- _Required work_: Only one stretch of the data below is needed: the line with "Forest Nursery Rug, Round" through the last line. Output it exactly and drop the pictures.

*** Opening Data supplied ***

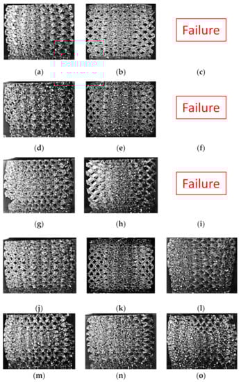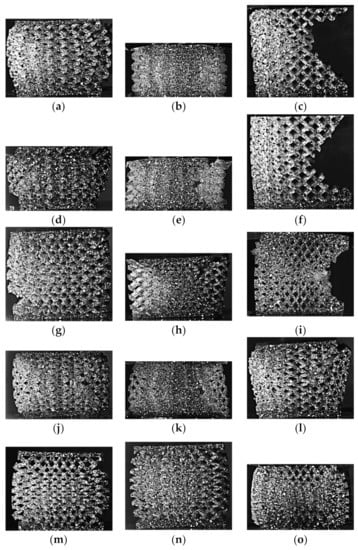 Deformation of the functionally graded lattices at the end of the compression test: (a) D1S1, (b) D2S1, (c) D3S1, (d) D1S2, (e) D2S2, (f) D3S2, (g) D1S3, (h) D2S3, (i) D3S3, (j) D1S4, (k) D2S4, (l) D3S4, (m) D1S5, (n) D2S5, and (o) D3S5.
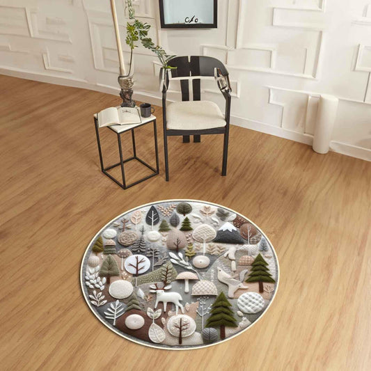 Forest Nursery Rug, Round Rug, Woodland Rug, Forest Animals & Trees Rug, Sensory Play Mat, Nursery Rug, Baby Rug, Fall Hosting Rug
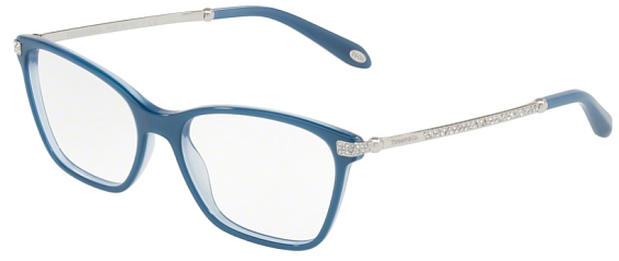 Прямоугольные очки, из материала традиционные металлы и цвете синий помогут понять основные черты новой коллекции оправ модного бренда TIFFANY.
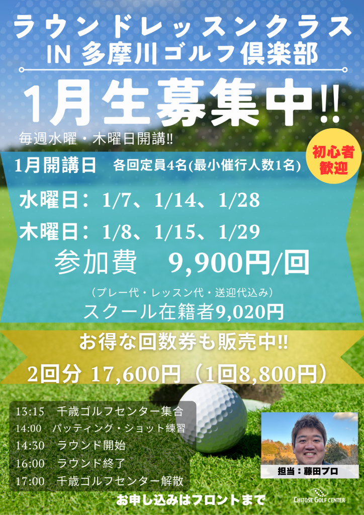 トップページ > ニュース > イベント募集 > ラウンドレッスン募集 > 1月多摩川ラウンドレッスン会募集開始‼
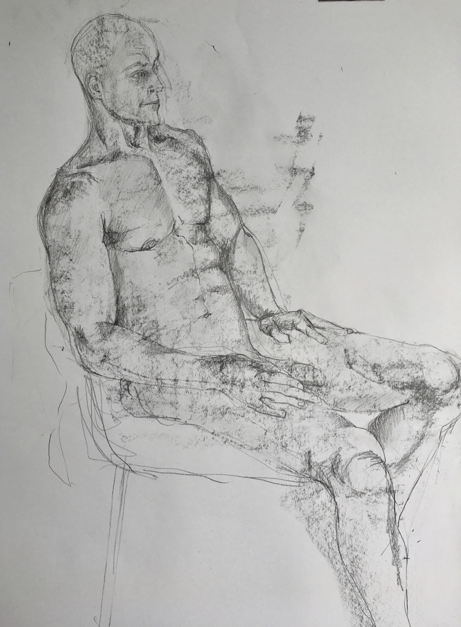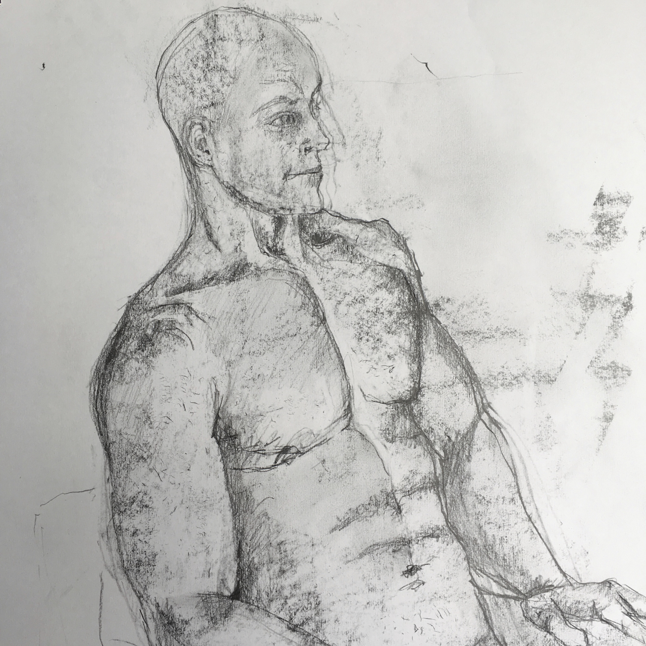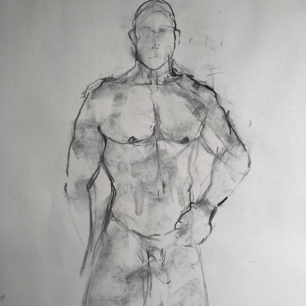 This Friday session saw another new model. I am not sure I have ever drawn someone so muscular – so it was quite a challenge. I was on a reduced art kit (due to a heading straight off to lunch afterwards) so worked in charcoal and graphite on paper bought at the session.

*** Closing Data supplied ***

- _Response to this task_:
 Forest Nursery Rug, Round Rug, Woodland Rug, Forest Animals & Trees Rug, Sensory Play Mat, Nursery Rug, Baby Rug, Fall Hosting Rug
 Прямоугольные очки, из материала традиционные металлы и цвете синий помогут понять основные черты новой коллекции оправ модного бренда TIFFANY.
 トップページ > ニュース > イベント募集 > ラウンドレッスン募集 > 1月多摩川ラウンドレッスン会募集開始‼
 This Friday session saw another new model. I am not sure I have ever drawn someone so muscular – so it was quite a challenge. I was on a reduced art kit (due to a heading straight off to lunch afterwards) so worked in charcoal and graphite on paper bought at the session.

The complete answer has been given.